At the busy JWCH clinic the morning after Mack’s Skid Row visit, enrollment workers were busy signing up patients for Medi-Cal coverage and making sure they knew where to go for care.

George Farag, 56, who sleeps at a local mission each night, said he lost his job as a security guard when he fell asleep on duty.  He ended up on the streets and got hit by a car, resulting in a leg injury that causes him to limp.

Farag, an Egyptian immigrant who speaks with a thick accent, also has asthma, diabetes, depression and insomnia.

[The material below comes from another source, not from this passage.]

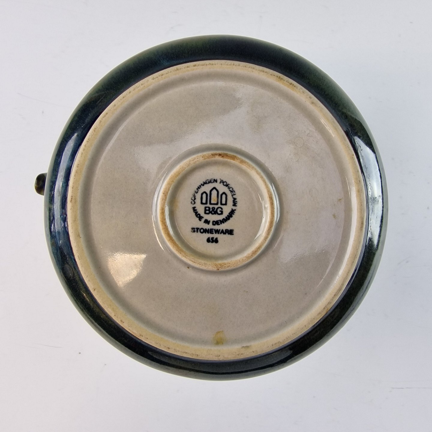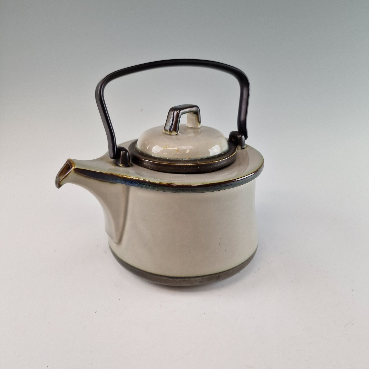 Stellet Tema er af stentøj, glaseret med lys grå og dekoreret med kanter af grønne og brune farver

“This is the final step before your transition into Medi-Cal,” enrollment worker Alberto Moreno told him. “Your doctor will be assigned here.”

 

“God bless you,” responded Farag, carrying a black plastic bag filled with papers and

Another patient, Cesar Salas, 38, said he’d become homeless because of alcohol and drug abuse but he was sober now and living in a shelter.

Recently, Salas cut his finger but stitched the injury up himself instead of going to the doctor, he said. After the finger didn’t heal properly, he ended up at the clinic.

Salas said he had heard about Obamacare on television but still doesn’t understand how the insurance works.

A clinic enrollment worker helped him complete the application for Medi-Cal. Now he hopes to start seeing both a doctor and a counselor more regularly. He’s been having nightmares and hasn’t been able to keep a job.

“I’m struggling,” he said. “I don’t know what’s going to happen to me.”

Mack tries to put the patients at ease.

On Skid Row, he stopped to talk to Sakeenah Borscha, an overweight woman sitting on a motorized scooter overflowing with bags of belongings.

Recently arrived from Arizona, Borsha said she was diabetic and had an injured knee. She needed medication for both, she told Mack. She’d had coverage in the past but didn’t know if she was still insured.

Mack patted her knee and smiled.

“Come see me in the morning,” he said before heading back through the maze of shopping carts, tarps and tents.